Fort heureusement, les Frères du Niger, un orchestre moderne animé par de talentueux artistes a tenu le public en haleine pendant près d’une heure, un temps assez long mais qui était nécessaire. Deux grosses vedettes de la musique traditionnelle ont posé un fâcheux lapin au festivaliers : Bamogo de Nobéré et Abibou Sawadogo. Très embarrassé, l’animateur Kambou Namwinkouma a usé de toutes les ficelles pour gagner du temps, espérant que les deux artistes arriveraient au bon moment. Le public, qui était venu très nombreux, commençait à s’impatienter.

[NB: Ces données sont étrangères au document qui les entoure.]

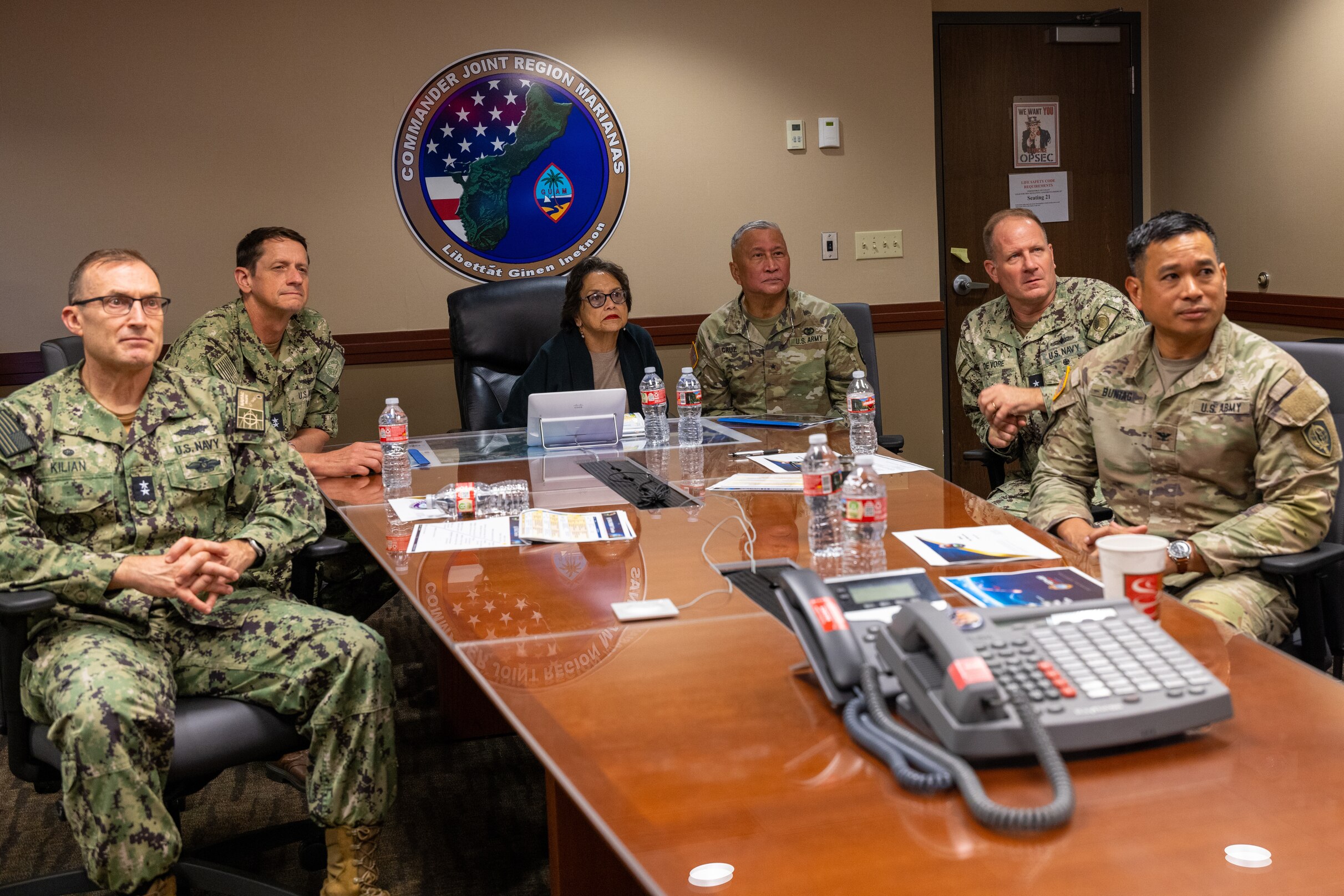 ASAN, Guam (Dec. 10, 2024) - The Honorable Lou Leon Guerrero, governor of Guam, and senior military leaders on Guam track a Standard Missile-3 Block IIA as it intercepts a surrogate Medium Range Ballistic Missile target off the coast of Guam during the Missile Defense Agency’s Flight Experiment Mission-02 (FEM-02), from the Joint Region Marianas Regional Operations Center, Dec. 10. Held concurrently, U.S. Indo-Pacific Command’s capabilities exercise Sling Stone leveraged FEM-02 to validate the Guam Defense System concept of operations. Sling Stone brought together assets and personnel from the Air Force, Army, Navy, and allied forces to use FEM-02 for multi-domain operations training. (U.S. Navy photo by William Busby III)
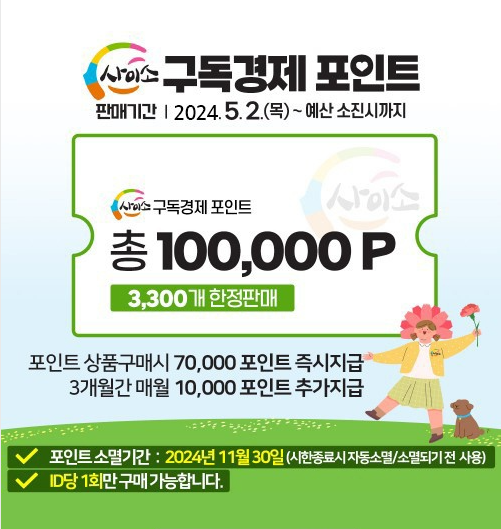 ‘사이소’에서 7만원 상당의 구독경제 포인트 상품을 구매하면 3개월간
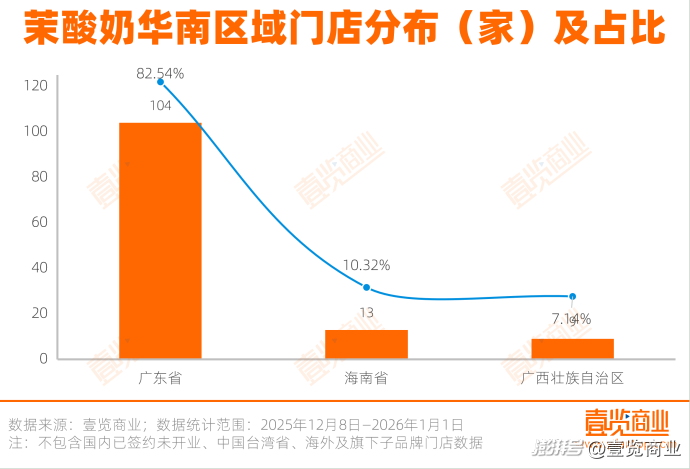 在華南區(qū)域,茉酸奶門店則極度依賴廣東省,海南省和廣西壯族自治區(qū)門店數(shù)合計(jì)不到廣東省門店數(shù)的四分之一。
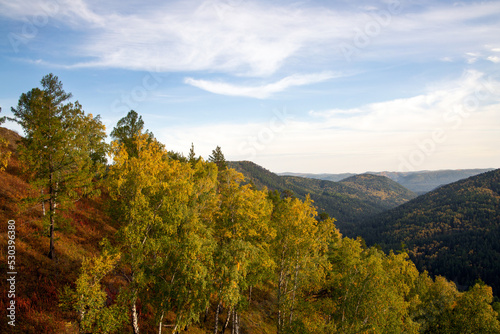 Autumn forest on mountain slopes under a blue sky with white clouds.

Aux environs de 23h, la nouvelle finit par tomber : les deux artistes cités ne sont pas là. Ils ont préféré aller prester à ailleurs, dans la salle polyvalente où se tenait une rencontre entre les forces vives de la région et le président du Faso, Roch Kaboré, arrivé dans la soirée. Pis, le premier s’est permis d’aller animer une autre soirée avant de rappliquer Place de la nation où il était programmé depuis plusieurs mois.
Interrogé sur les causes de son grand retard, Bamogo de Bobéré répond avec aplomb : "ma voiture était en panne et c’est pourquoi c’est maintenant que j’arrive.Mais tout le monde est là et on va jouer". Evidemment, il ment comme il respire. Il ignorait que sa prestation était en direct sur la RTB et que des gens l’ont vu lorsqu’il honorait son deuxième rendez- vous improvisé. Il a sans doute de bonnes raisons de faire une infidélité au festival Wed bindé qui lui a pourtant servi, avec sa troupe, le déjeuner et le dîner. "Donc, il est venu manger notre repas et aller jouer pour les autres. On a pourtant payer un cachet aussi", peste un membre de l’association PASSATE. Dépité, son président refuse tout commentaire, préférant le laisser à sa conscience et à son manque de professionnalisme.
Hier soir, Bamogo de Nobéré n’a pas respecté sa parole et ce n’est pas bien. Il est venu à Kaya à l’invitation du Festival, et faire passer ce rendez-vous au second plan ne l’honore pas. Au passage, il aurait pu se passer des leçons de morale fort justifiées par ailleurs, qu’il a voulu donné aux jeunes enfants.
Quant à Abibou Sawadogo, dernière à monter sur scène, elle est arrivée dans sa tenue d’artiste, de même que ses musiciens et danseurs, preuve évidente qu’elle est descendue il y a quelque minutes d’une autre scène. Tant pis pour ceux qui l’attendent depuis des heures.Comme Bamogo de Nobéré, elle a sans doute de bonne raisons de considérer la scène du festival comme accessoire. Mais, elle avait aussi donné sa parole depuis des mois après avoir touché son cachet et se savait programmée. A croire que l’improvisation, le manque de rigueur et l’amateurisme est la chose la mieux partagée dans chez de nombreux artistes burkinabè. "Comment croient-ils conquérir un public international en se comportant de cette manière ? " interroge un enseignant.
C’est une Abidou Sawadogo déjà épuisée qui est montée sur scène. Sa voix puissante ne laisse pas le public indifférent, de même que les souplesses de ses danseurs. Mais, comme la plus belle femme ne peut offrir que ce qu’elle a, Abibou ne pouvait pas tenir longtemps. A peine dix minutes de prestation et la voici qui s’éclipse, à la grande stupeur du public. Il est vrai qu’elle a été fort agacée par des ennuis techniques, mais ce désagrément sonnait comme une punition, la sanction d’une justice immanente.
Ce soir, suite et fin des compétitions et remises de trophées.